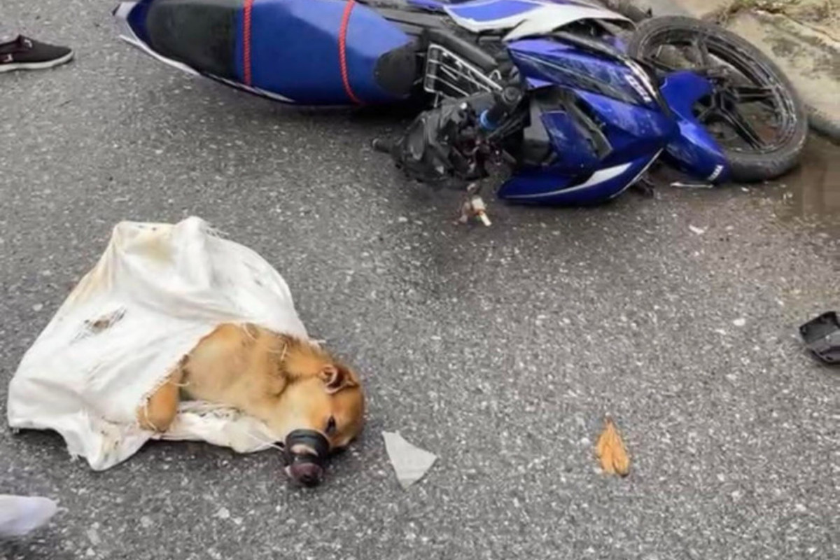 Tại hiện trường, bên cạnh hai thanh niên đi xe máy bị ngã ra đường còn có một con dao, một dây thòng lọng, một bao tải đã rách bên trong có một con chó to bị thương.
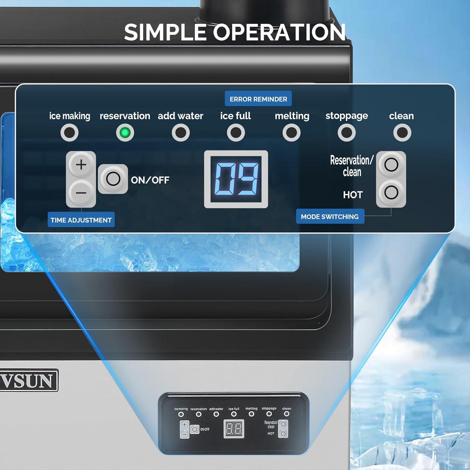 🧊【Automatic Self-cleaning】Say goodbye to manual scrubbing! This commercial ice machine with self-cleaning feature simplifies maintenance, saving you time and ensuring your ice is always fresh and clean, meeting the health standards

● ● ● ● ● ● ●

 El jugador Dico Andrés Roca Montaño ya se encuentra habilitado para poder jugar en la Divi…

● ● ● ● ● ● ●

Transcribe the listing above exactly, but only from the line with "Tại hiện trường, bên" through the line with "the health standards". Include both of those lines and omit the pictures.

(ANSWER):
 Tại hiện trường, bên cạnh hai thanh niên đi xe máy bị ngã ra đường còn có một con dao, một dây thòng lọng, một bao tải đã rách bên trong có một con chó to bị thương.
 🧊【Automatic Self-cleaning】Say goodbye to manual scrubbing! This commercial ice machine with self-cleaning feature simplifies maintenance, saving you time and ensuring your ice is always fresh and clean, meeting the health standards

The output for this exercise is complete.